Tim Armstrong, AOL’s chairman and CEO, will remain at his position once the deal is finalized.
“Verizon is a leader in mobile and OTT (over-the-top video) connected platforms, and the combination of Verizon and AOL creates a unique and scaled mobile and OTT media platform for creators, consumers and advertisers,” Armstrong said in the announcement.
Read More Why we sold to Verizon: AOL’s Tim Armstrong
He also said executing this deal was the next step for the company to continue growing.

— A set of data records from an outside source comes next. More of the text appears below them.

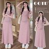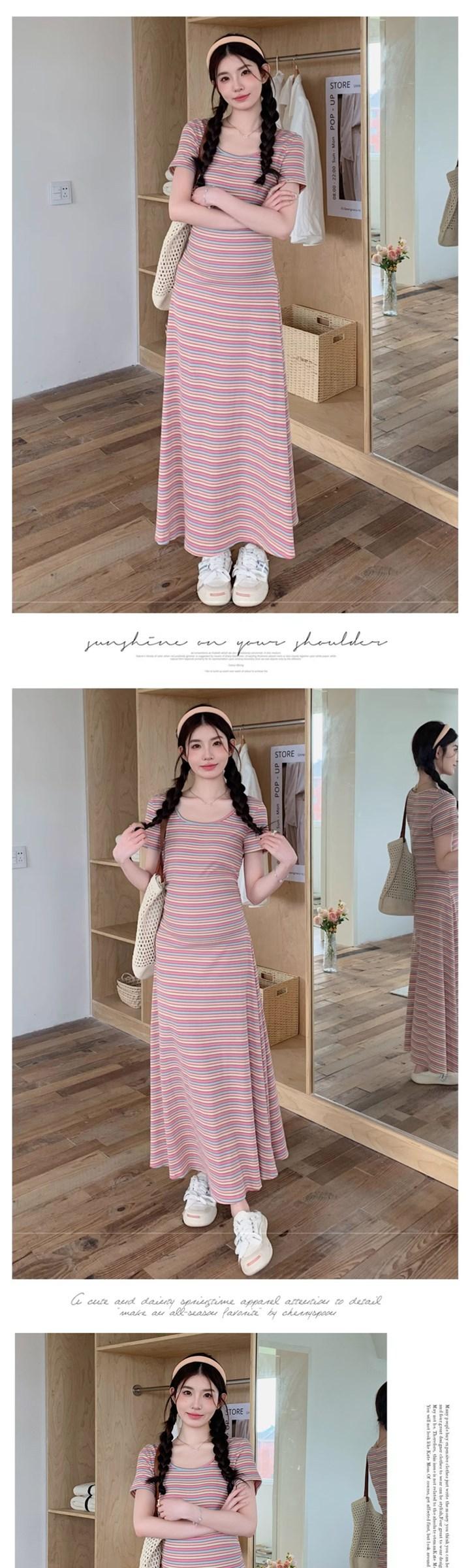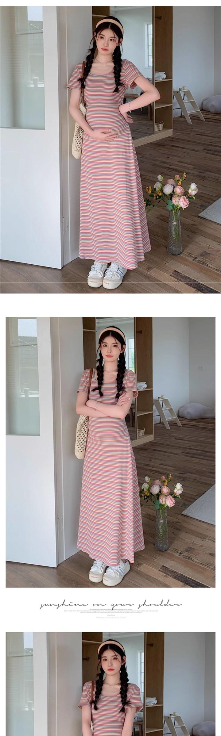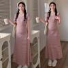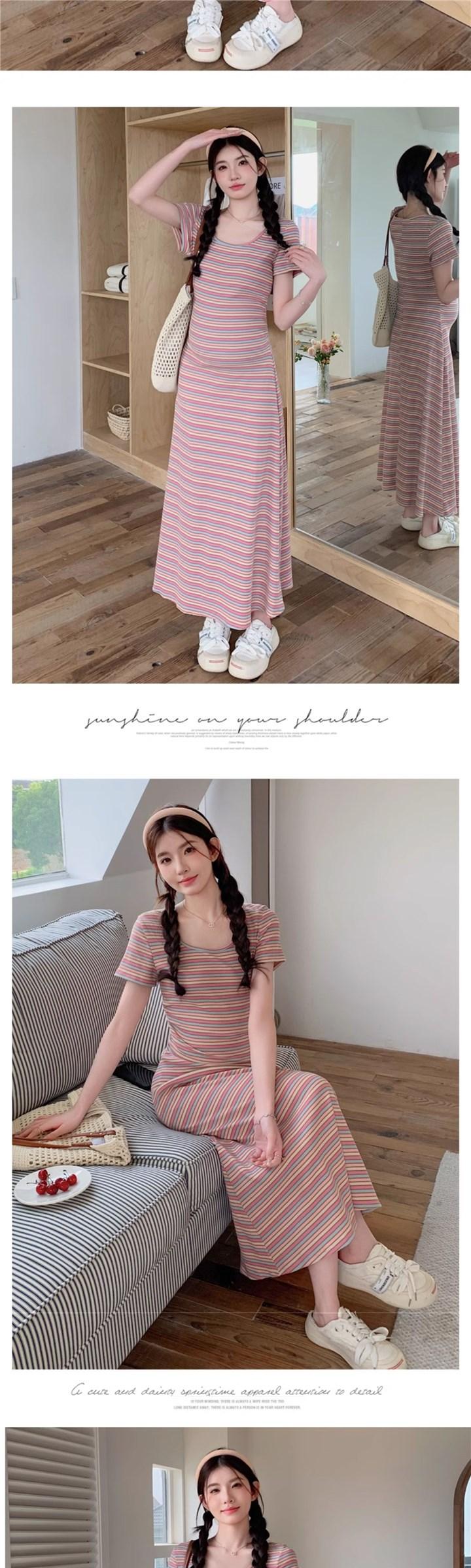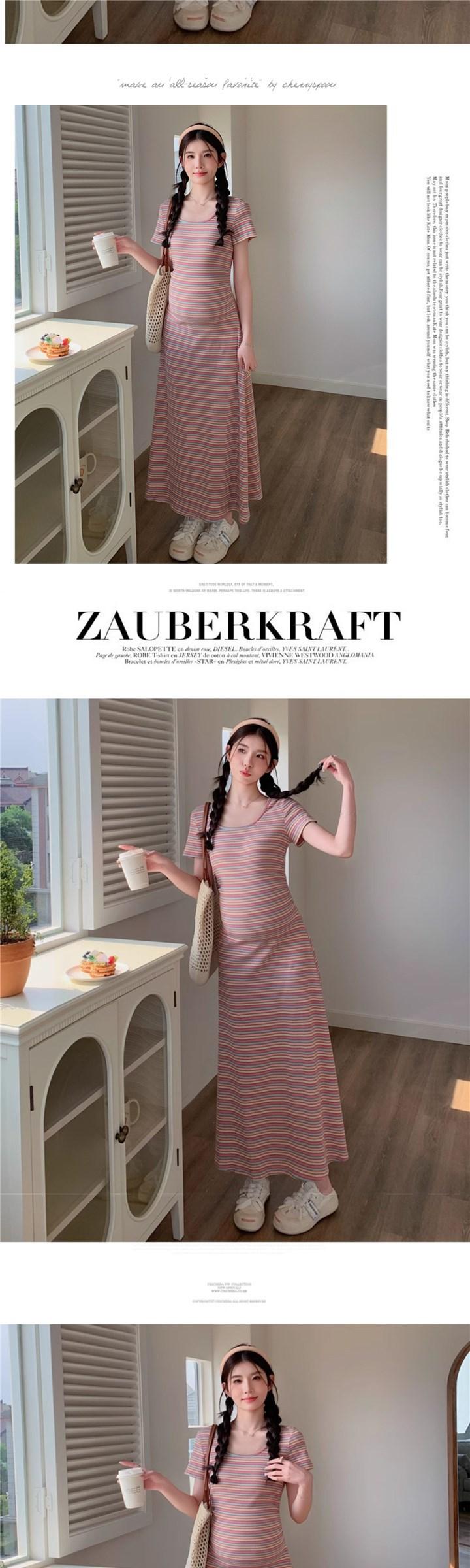 Vestido de maternidad verano 2025 nuevo estilo cubre vientre ajuste ceñido adelgazante rayas manga corta vestido de maternidad verano largo
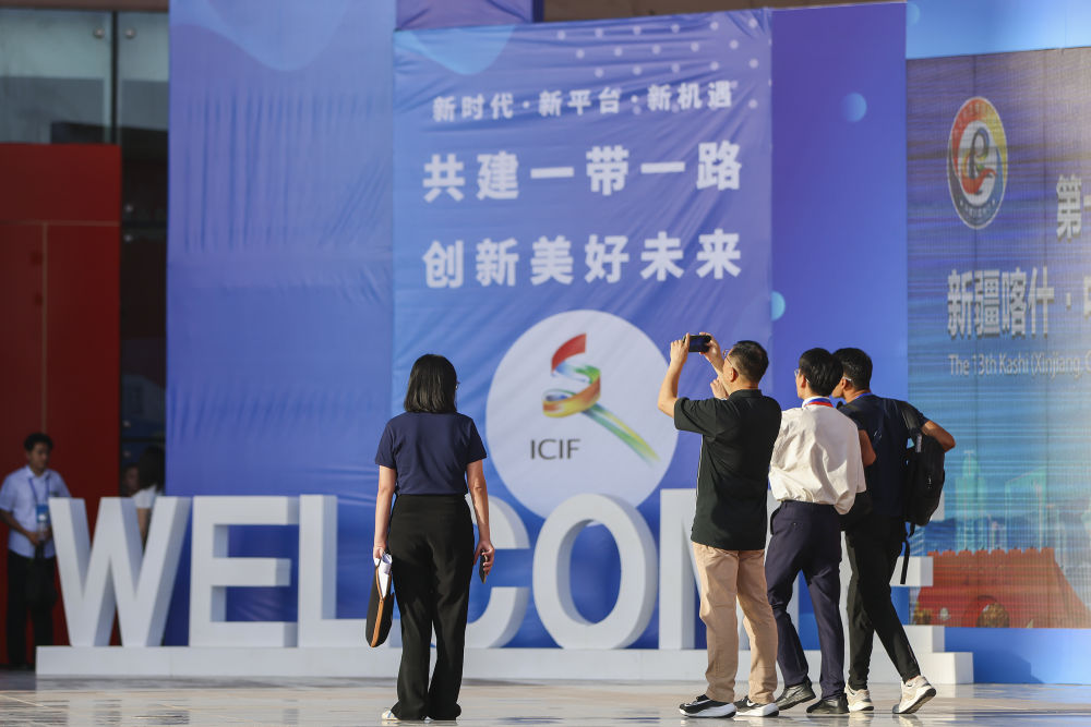 第十三屆中國新疆喀什·中亞南亞商品交易會(huì )在喀什國際會(huì )展中心開(kāi)幕,這是參觀(guān)者在喀什國際會(huì )展中心拍照(6月21日攝)。新華社記者 郝昭 攝
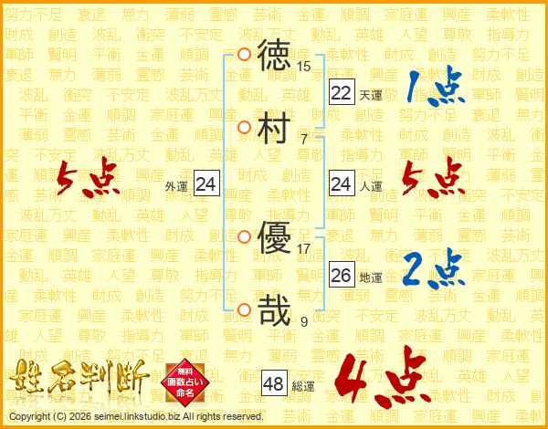 生活面を象徴する運勢です。外部から受ける影響力を表し、結婚運、家庭運や職場、環境への順応性を表します。総運から人運を引いた画数。姓や名が1文字の場合を除く。
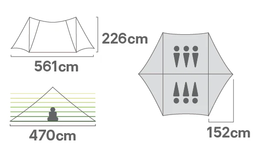 NEMO Hexalite EVO 6P 是一款具備高天花板和無底設計的大型露營天幕,提供寬敞的戶外生活空間,適合4至6人使用。其無地面設計讓使用者無需脫鞋便可自由走動,並且設計使搭建過程直覺且快速,約五分鐘內即可完成,適合初學者與經驗豐富的戶外愛好者。此帳篷非常靈活,可依據不同場合如團體露營、基地營遮陽等多種場景排列設置。

“If you look at AOL over the last five years … we turned the company around. We outperformed the S&P 500 for the last five years, and when you look at where we are today and where we’re going, we’ve made AOL as big as it can possibly be in today’s landscape,” he said in a CNBC “Squawk Box” interview. “But if you look forward five years, you’re going to be in a space where there are going to be massive, global-scale networks, and there’s no better partner for us to go forward with than Verizon.”
“It’s really not about selling the company today. It’s about setting up for the next five to 10 years, and we’ve spoken for years about this,” he added.
Read More Meet the 2015 CNBC Disruptor 50 companies
Earlier this year, Armstrong dismissed rumors of a merger with either Verizon or tech giant Yahoo. “There’s always speculation around us because we have taken a company that was not doing well and ended 2014 with two straight years of growth,” he told CNBC on Jan. 7. “We have a lot of partners coming in to talk to us, but AOL has a unique vision, a unique strategy and we’ve stayed on strategy.”
On Friday, AOL reported first-quarter earnings of 34 cents per share, 2 cents above estimates. Verizon also topped analysts’ expectations after reporting first-quarter profits of $1.02 per share on April 21.